Représailles contre des athlètes ? : l’équipe ukrainienne fait de graves allégations aux Jeux paralympiques

Des représailles contre les sportifs ?L’équipe ukrainienne fait de graves allégations aux Jeux paralympiques

Oleksandra Kononova (à gauche) a dû changer ses boucles d’oreilles. (Photo : REUTERS)

Le différend sur la participation des Russes et des Biélorusses aux Jeux paralympiques se poursuit : l’équipe ukrainienne porte de graves accusations contre le Comité international paralympique. Nos propres athlètes et leurs familles seraient mis sous pression. L’IPC réagit avec surprise.

L’équipe ukrainienne se plaint des représailles de la part du Comité international paralympique (IPC) et du comité d’organisation des Jeux paralympiques d’hiver en Italie. « Nous sommes obligés d’expliquer que l’équipe nationale, ses athlètes et ses entraîneurs sont soumis à des pressions systématiques de la part des représentants du Comité international paralympique et du comité d’organisation des Jeux depuis le début des XIVes Jeux paralympiques d’hiver », indique un communiqué du Comité paralympique ukrainien.

L’IPC a été surpris par cette déclaration, a déclaré un porte-parole sur demande. Le Comité national paralympique n’a exprimé aucune inquiétude concernant les réunions des chefs de mission, le canal de communication officiel ou tout canal autre que les médias. « Bien que nous comprenions la situation du peuple ukrainien, cette compréhension ne permet pas à l’APN Ukraine de violer les règles de ces jeux », a-t-il déclaré.

Dans sa lettre ouverte, le Comité paralympique ukrainien énumère quatre exemples d’allégations. Après sa victoire au biathlon sprint, Oleksandra Kononova a dû retirer ses boucles d’oreilles aux couleurs nationales bleu et jaune et l’inscription « Stop War » lors de la cérémonie de remise des prix. Un représentant de l’IPC a tenté grossièrement de lui retirer l’argent, a écrit l’association. L’IPC a confirmé que Kononova devait retirer ses boucles d’oreilles, mais on lui a poliment demandé de le faire et elle a accepté.

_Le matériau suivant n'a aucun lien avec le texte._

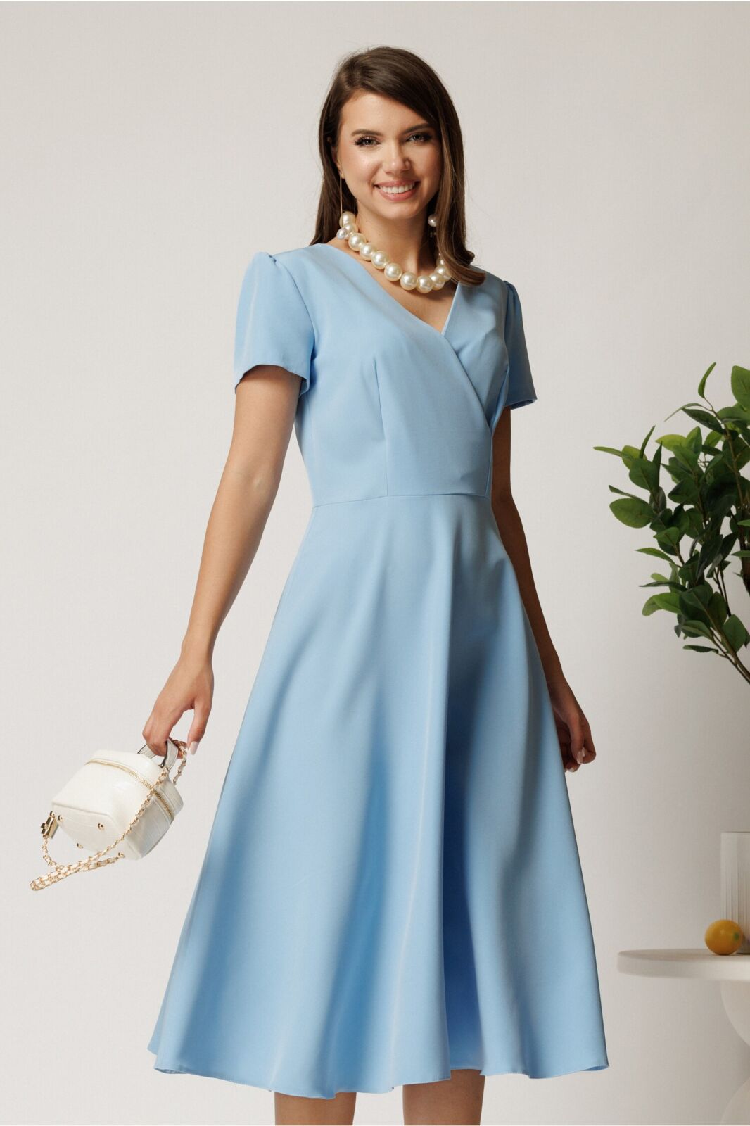 Black Friday 2025 Rochie midi blue din voal in clos cu decolteu petrecut

Accusation de loyauté envers la Russie

Selon le Comité paralympique ukrainien, le drapeau ukrainien devant les quartiers du village paralympique a dû être démonté et accroché à nouveau dans un endroit moins visible. Les représentants de l’IPC et du comité d’organisation ont pris des drapeaux et des foulards avec des ornements ukrainiens de la famille du biathlète Taras Rad, vainqueur du biathlon sprint et troisième en individuel. Une réunion quotidienne en soirée dans la salle commune du logement, que l’équipe ukrainienne partage avec d’autres équipes, a également été déclarée irrecevable.

Dans le même temps, le Comité paralympique ukrainien accuse depuis longtemps l’IPC de « loyauté évidente et particulière » envers les comités paralympiques de Russie et de Biélorussie. Le CIPVP a rejeté l’allégation. La décision de lever l’exclusion de la Russie et de la Biélorussie a été prise démocratiquement par les associations membres lors de l’assemblée générale de septembre dernier et non par le conseil d’administration ou l’équipe de direction de l’IPC.

Aux Jeux paralympiques d’hiver de Milan, Cortina d’Ampezzo et Tesero, les athlètes de Russie et de Biélorussie pourront concourir sous les symboles nationaux lors d’un événement sportif majeur pour la première fois depuis l’attaque russe contre l’Ukraine il y a quatre ans. Pour la gagnante du Super-G alpin Varvara Voronchichina, non seulement le drapeau russe a été hissé lors de la cérémonie de remise des prix paralympiques à Sotchi pour la première fois depuis 2014, mais l’hymne a également été joué.